- [How to complete this task]: Repeat only the lines below that run from the line with "Kripty Casino has" to the line with "小学生審査員賞を受賞し、プレゼンターの小学生たちと記念撮影する受賞者", ends included; skip every picture.

- [Record extracts]:
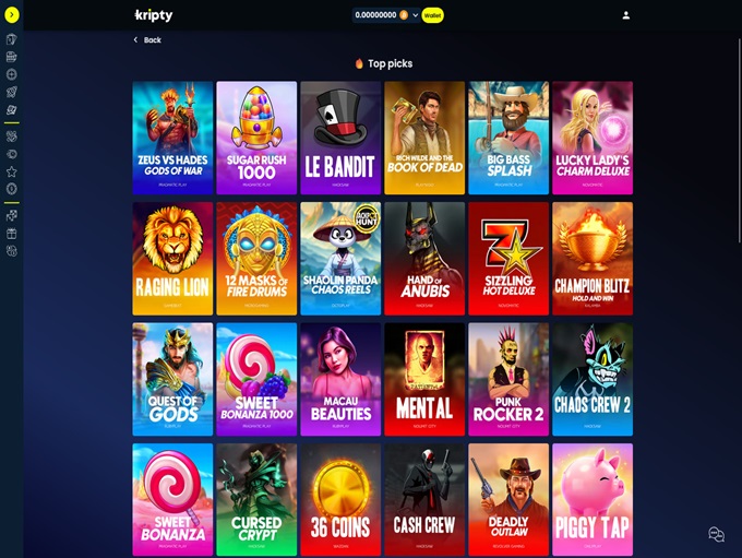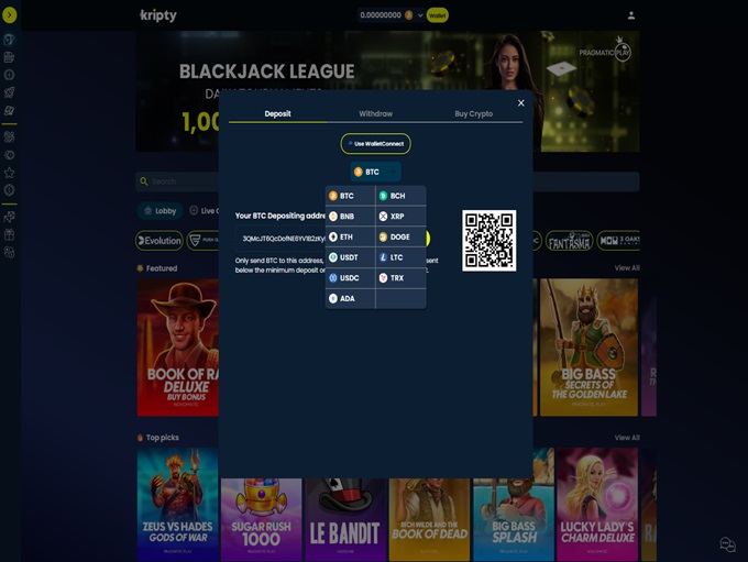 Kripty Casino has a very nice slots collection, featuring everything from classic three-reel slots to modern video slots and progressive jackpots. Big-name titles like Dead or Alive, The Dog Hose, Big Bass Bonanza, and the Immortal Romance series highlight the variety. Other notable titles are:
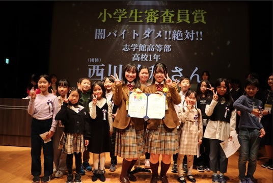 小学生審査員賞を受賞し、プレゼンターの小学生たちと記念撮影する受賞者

==

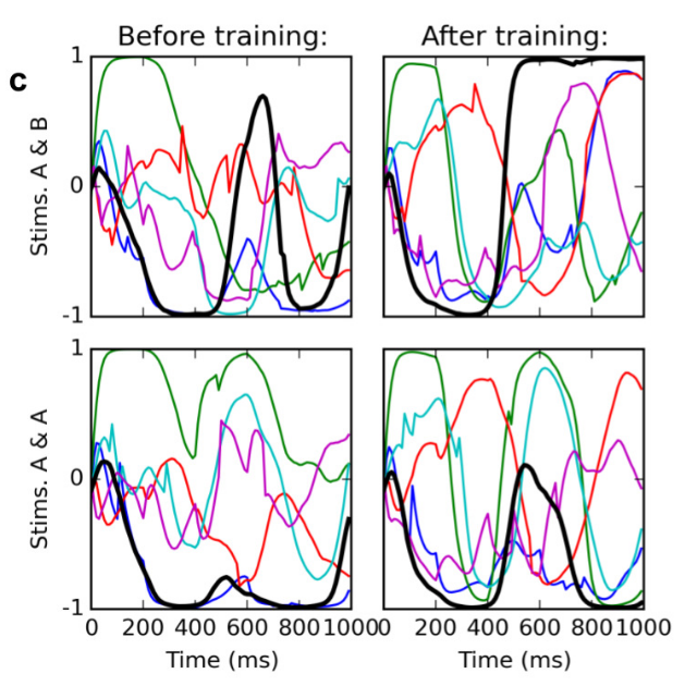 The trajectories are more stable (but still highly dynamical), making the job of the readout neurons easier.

- [Response below]:
 Kripty Casino has a very nice slots collection, featuring everything from classic three-reel slots to modern video slots and progressive jackpots. Big-name titles like Dead or Alive, The Dog Hose, Big Bass Bonanza, and the Immortal Romance series highlight the variety. Other notable titles are:
 小学生審査員賞を受賞し、プレゼンターの小学生たちと記念撮影する受賞者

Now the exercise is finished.